English | Vietnamese

MAHĀMAUDGALYĀYANA VISITS ANOTHER PLANET
A Selection from the Scripture Which Is a  Repository of Great Jewels [
1]

translated by Ron Epstein

Religion East and West, Issue 5, October, 2005

http://online.sfsu.edu/%7Erone/Buddhism/maudgalyayana.htm

 

Translator’s Introduction

The following story is about the Venerable Mahā-maudgalyāyana,[2] an enlightened disciple of the historical Buddha Śākyamuni. Mahā-maudgalyāyana travels to a distant solar system, to a planet which is inhabited by giant people, and on which there is also a Buddha with disciples practicing under his guidance. The story, which brings to mind Swift’s Gulliver in the land of the giants, is remarkable in many respects. The Buddha and Mahā-maudgalyāyana both probably lived during the fifth and sixth centuries BCE. In the European West, until the time of Galileo (1564-1642), most educated people thought the whole cosmos rotated around the earth and consisted of the sun and seven planets.

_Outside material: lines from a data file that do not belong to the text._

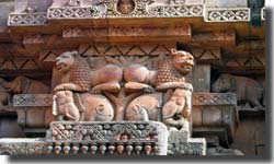 The jagamohana, which is adjoining the square towered shrine has an additional doorway on the South and has four latticed windows, one each on the North and South and two on the West, the lastly it is decorated with wonderfully animated bands of dancers and musicians. The recurring motif is highly-ornated chaitya-window which is very often filled with animal, human and divine figures, the last including busts of Shiva. The main entrance to jagamohana even has a fine carving of domestic elephants capturing wild ones, to the left of the lintel.
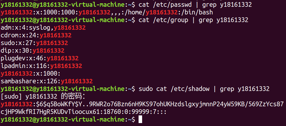 1)如何在与用户有关的三个文件中查看当前用户的信息?
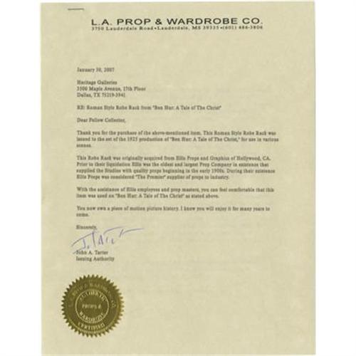 <B>"Ben-Hur" Robe Rack.</B></I> A prop steel robe rack that stands 59" in height, used in the classic 1959 historical epic starring Charlton Heston. In Fine to Very Fine condition with a heavy amount of rust. <I> Accompanied by COA from L.A. Prop and Wardrobe Co.</B></I><BR><BR><b>Shipping:</b> Requires 3rd Party Shipping (<a target="_blank" href="http://www.heritageauctions.com/common/shipping.php">view shipping information</a>)

They did not realize that the stars were other suns. This story here related shows that 2,500 years ago, Buddhists were aware of a vast cosmos filled with suns and planets and sentient life. Contemporary, scientifically oriented people often have a tendency to dismiss non-Western cosmologies as limited, primitive, and distorted myths, in the negative sense of that word. In this story we are presented with a cosmology that seems much closer than the Western pre-Galilean view to the contemporary scientific view of the physical universe. Of course the assertions about the spiritual powers of the Buddha and Mahā-maudgalyāyana and the size of the people on the distant planet do not merge so easily with contemporary scientific, materialist mindsets.

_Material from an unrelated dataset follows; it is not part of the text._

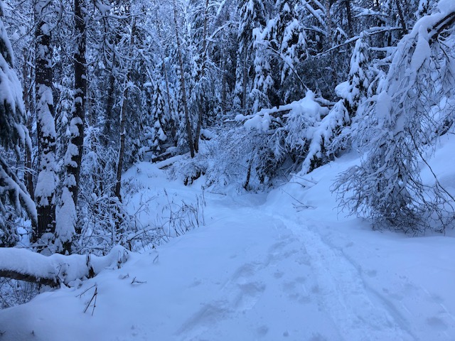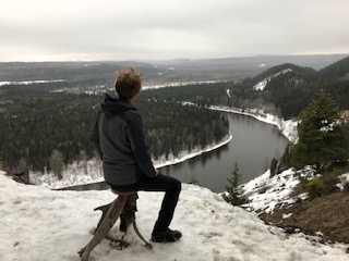 The rain had been falling ruining the powder and encouraging me to stay inside and bake oranges for the Christmas Tree when I decided enough was enough and I needed to get out. Having already wasted most of the daylight hours we needed a local adventure and the very first hike I did with the PWA Co. sprang to mind. With a steep section at the start, views from above the tree line of Nechako River and an adrenaline rush decent to finish on, I knew Jacob would love it.

In the story, Mahā-maudgalyāyana tries to find the spatial limit of the voice of the Buddha as he proclaims the Dharma[3]. Mahā-maudgalyāyana is not talking about At issue is not othe physical voice that travels in sound waves through air. Mahā-maudgalyāyana’s interest is in the reach of what we might today call a telepathic voice – a voice which, if we have the proper training, we hear directly in our minds.

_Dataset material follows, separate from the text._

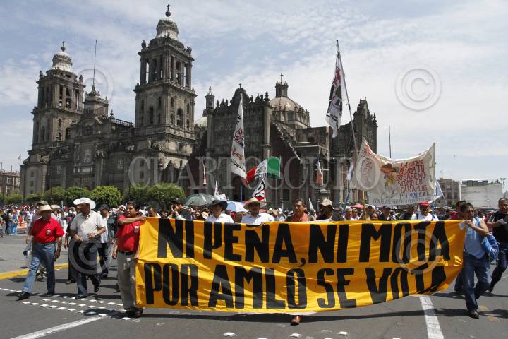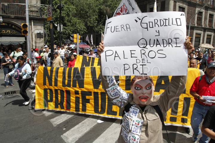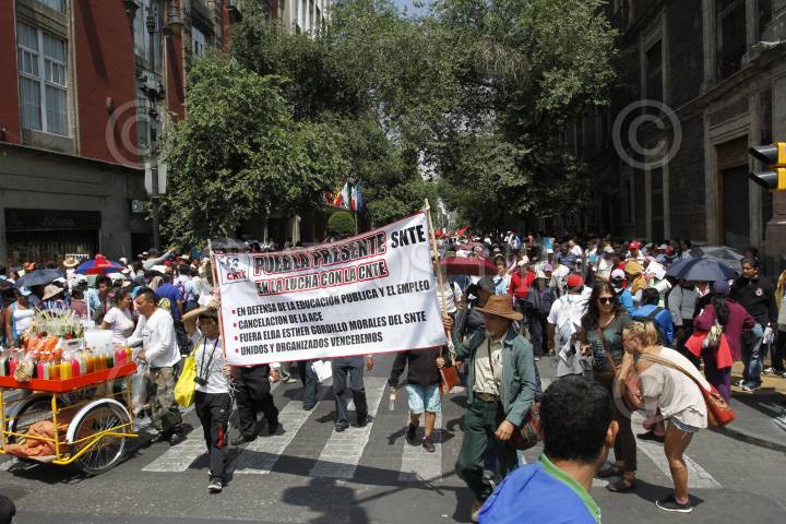 MÉXICO, D.F., 15MAYO2012.- Maestros, organizaciones sociales y miembros del Sindicato Mexicano de Electricistas marcharon de sobre calles de la ciudad de México hasta la Plaza de la Constitución, donde realizaron un mitin en conmemoración por el Día del Maestro. FOTO: ISAAC ESQUIVEL /CUARTOSCURO.COM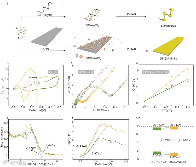 进一步地,作者将DNS/AuNSs作为葡萄糖氧化反应的电催化剂研究了其电催化性能。由于其更大的电化学活性面积和更宽的带隙,这些金纳米片展现出比离散金纳米簇更高(约3倍)的电催化活性。鉴于这一优势,该框架核酸模板化的AuNSs有望用于设计新型电化学DNA生物传感器,促进生物分子检测领域的发展,为其在催化和新能源材料等广泛领域提供了应用前景。

This is also a cautionary tale. On the one hand, it warns us of the danger of arrogance about our own abilities and understandings. In the course of events, Mahā-maudgalyāyana comes to realize both his own limitations and the extent of the Buddha's compassion, wisdom and power. On the other hand, the Buddha of that other world teaches his disciples that, although Mahā-maudgalyāyana seems ridiculously tiny and inconsequential to them, there is much to him that does not immediately meet their eyes; he is really worthy of their great respect. Thus the story also decries superficial prejudice and ridicule of those who appear to be different than ourselves. Here we have a lesson, thousands of years old, that people of other cultures and ethnic groups deserve our respect, and not only them, but even aliens from other worlds! I am emphasizing those themes not because they constitute the core message of the story, which is about the inconceivable range of the voice of the Buddha, but because they might easily be overlooked while considering the ramifications of the main topic.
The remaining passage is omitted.